July 4. In the morning, I took the Bible, and beginning at the New Testament, I began seriously to read it, and imopsed upon myself to read a while every morning and every night, not tying myself to the number of chapters, but as long as my thoughts should engage me. It was not long after I set seriously to this work but I found my heart more deeply and sincerely affected with the wickedness of my past life. The impression of my dream revived, and the words, 'All these things have not brought thee to repentance,' ran seriously in my thoughts.

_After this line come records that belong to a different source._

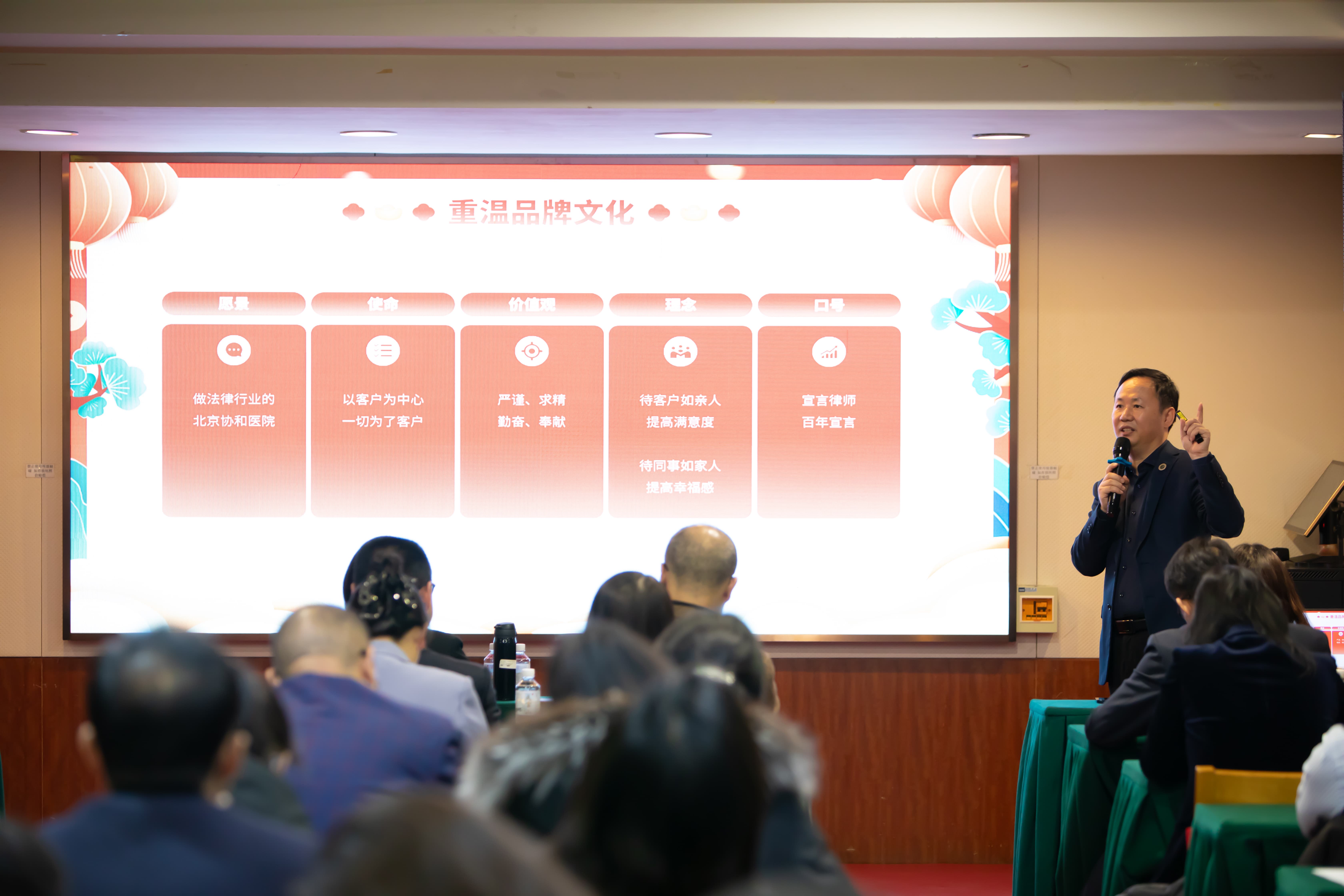 紧接着,宣言律所叶勇主任登台向全体家人作年度工作报告。他带领大家回顾了宣言律所集体和个人新荣誉、系列活动、部门大事记、国际交流合作、公益活动开展、宣言律所各项数据变化及分析、专业部门的完善方面等全面总结了律所2025年度的各项工作成果。同时他为律所同仁讲述年度发展规划,他表示未来一年将继续加强党建引领、提升律所服务能力、加大团队建设力度、提高办案专业水平、增加部门业务收入,并带领大家重温了宣言律所的品牌文化理念。
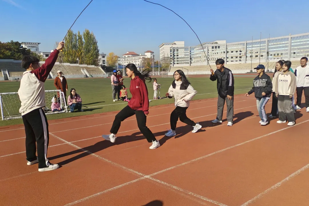 同学们一边配合着绳子的旋转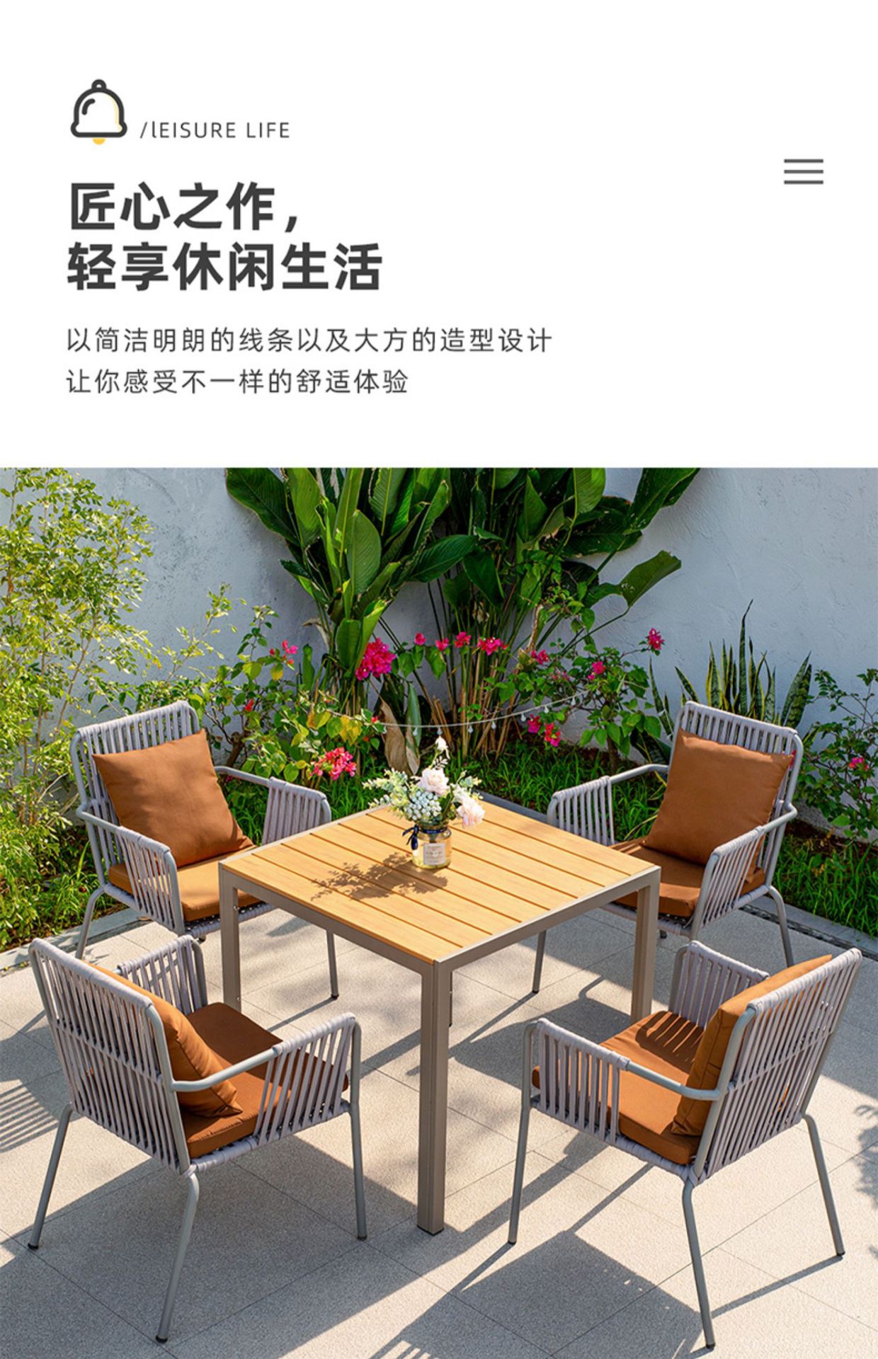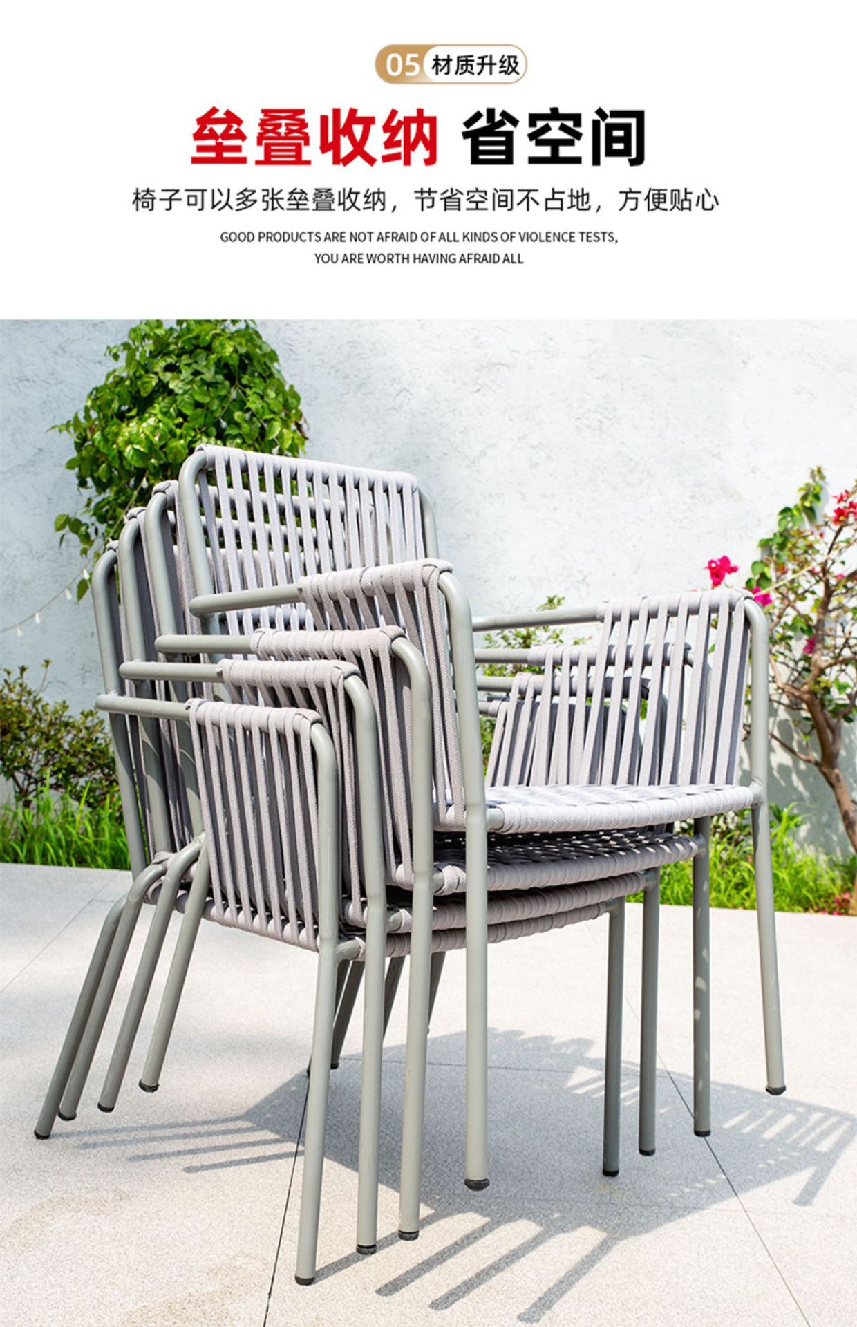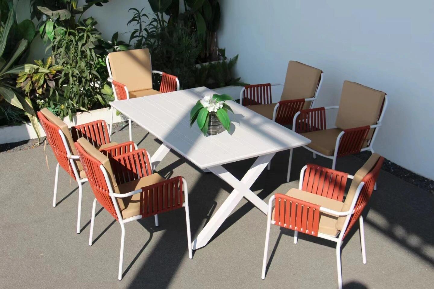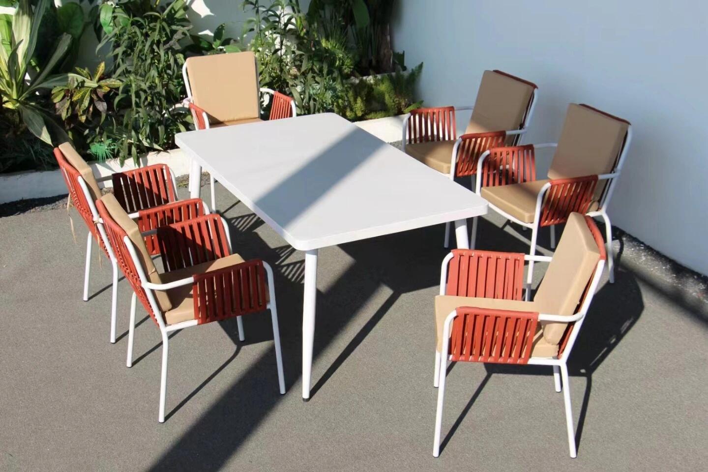 맞춤형 야외 안뜰 손으로 짠 로프 정원 의자 캐주얼 현대 실내 거실 간단한 리본 식탁 및 의자스토어 가기

I was earnestly begging of God to give me repentance, when it happened providentially the very day that reading the Scripture, I came to these words, 'He is exalted a Prince and a Saviour, to give repentance, and to give remission.' I threw down the book, and with my heart as well as my hands lifted up to Heaven, in a kind of ecstasy of joy, I cried out aloud, 'Jesus, Thou Son of David, Jesus, Thou exalted Prince and Saviour, give me repentance!'
This was the first time that I could say, in the true sense of the words, that I prayed in all my life; for now I prayed with a sense of my condition, and with a true Scripture view of hope founded on the encouragement of the Word of God; and from this time, I may say, I began to have hope that God would hear me.
Now I began to construe the words mentioned above, ‘Call on Me, and I will deliver you,’ in a different sense from what I had ever done before; for then I had no notion of anything being called deliverance but my being delivered from the captivity I was in, for though I was indeed at large in the place, yet the island was certainly a prison to me, and that in the worst sense in the world; but now I learned to take it in another sense. Now Ilooked back upon my past life with such horror, and my sins appeared so dreadful, that my soul sought nothing of God but deliverance from the load of guilt that bore down all my comfort. As for my solitary life, it was nothing; I did not so much as pray to be delivered from it or think of it; it was all of no consideration in comparison to this; and I added this part here to hint to whoever shall read it, that whenever they come to a true sense of things, they will find deliverance from sin a much greater blessing than deliverance from affliction.